Ethan Miller / Getty

Midway through the new HBO documentary Bright Lights, after a near overdose of saccharine nostalgia, Carrie Fisher goes to London to begin rehearsals on Star Wars: The Force Awakens. She’s taping an interview for this documentary and gets a visit—you can’t help but wonder if it was planned—from longtime friend and American Werewolf in London star Griffin Dunne. They have a wistful moment, singing a song to each other at the foot of the stairs of the house where she’s staying.

It’s canned and cringy because we’ve seen Fisher do this two or three times already with mother Debbie Reynolds and because watching Hollywood royalty have a wistful moment—in front of and for the benefit of a camera crew—is inherently canned and cringy. These two have spent enough of their lives on camera that they’re naturals at playing natural.

And then, for the first time in the film, the blinders come off.

Dunne recalls that they were in London together many years ago, when Dunne platonically relieved Fisher of her virginity so she could sleep with her then-boyfriend sans hymen. Fisher recounts that her mother had offered to get her laid “with this guy Albert,” Fisher says. “She would supervise Albert and I having sex. For some reason, she had some tips on that.” And then, recalling her earliest education in the male anatomy, Fisher demonstrates her naked stepfather getting out of bed. “And here comes Dumbo,” she says bending over, waiving her hand behind her, “this angry slather of balls.”

There’s so much Carrie Fisher in that scene—the Hollyweird childhood, the punchy and revealing sense of humor, the evolved awareness of her own history—that is trapped under the layers of nostalgia that come before and after. It’s a candid, insightful moment, but Bright Lights strikes me overall as the wrong film at the wrong time. The nostalgia porn of archival footage overpowers the more elegiac near present. There’s a lot of family footage of kids jumping in the pool and running around the house in the Ozzie and Harriet 1950s, and every pass is another packet of Splenda.

Like Trump’s “Make America Great Again,” Bright Lights points backward to a warmth and certainty that wasn’t as warm or certain as we’d like to remember.
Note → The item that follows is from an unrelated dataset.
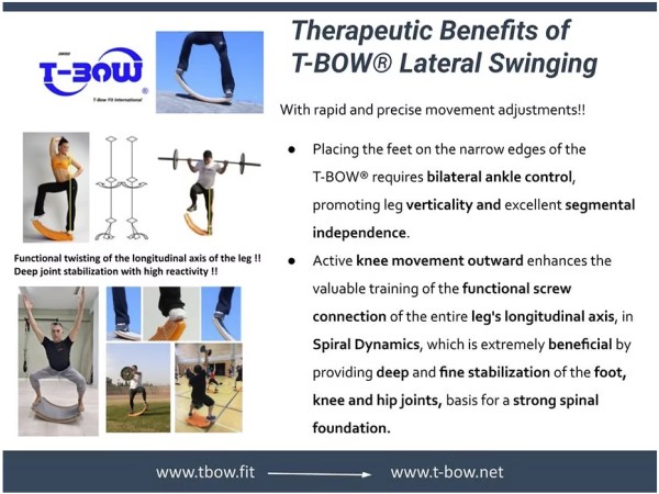 Η τοποθέτηση των ποδιών στα στενά άκρα του T-BOW® απαιτεί αμφίπλευρο έλεγχο της ποδοκνημικής, προάγοντας την «καθετότητα» των ποδιών και εξαιρετική τμηματική ανεξαρτησία.

That’s not the majority view. The film has had overwhelmingly positive reviews this week as a timely and intimate documentary about the relationship between two complicated, damaged and reflective Hollywood icons. The film is those things, and it doesn’t downplay the the problems that Reynolds and Fisher had in their own lives or the problems they caused for each other. But those recountings come almost entirely in contrast to what you see on screen. Reynolds tells you that Fisher was a manic-depressive kid who was chased around by paparazzi when she was 13 years old, but Fisher frolicking on the beach at that age and stopping to wave to the camera suggests something wholly different.

Much of Bright Lights is given to that nostalgic longing. There are scenes of Debbie Reynolds singing over her own film clips; Carrie Fisher signing autographs at a charity event; and son/brother Todd Fisher, who manages his mother’s memorabilia collection, telling his parents’ life stories through the chronologically placed movie posters on his living room wall. Even Todd Fisher’s wife, Catherine Hickland, lives in her own past: She did a three-episode arc on Knight Rider in the 1980s and was married to David Hasselhoff, so Bright Lights includes footage of her talking KITT replica.

As to the timing, Bright Lights suffers from Reynolds and Fisher having died just weeks ago and from 2016 being such a shitshow. We lost a lot of especially beloved celebrities last year, and the shock of the election left half the country—slightly more than half, if you want to get technical about it—in a fugue state that isn’t over yet and may not be for a while. Of course, the harmless nostalgia of Bright Lights is of a different sort and magnitude than Donald Trump’s propagandizing "Make America Great Again” campaign, but both point backward to a warmth and certainty that wasn’t as warm or certain as we’d like to remember.

It’s too early to know what kind of impact 2016 will have on film and television in the new year, but I’m ready for the future.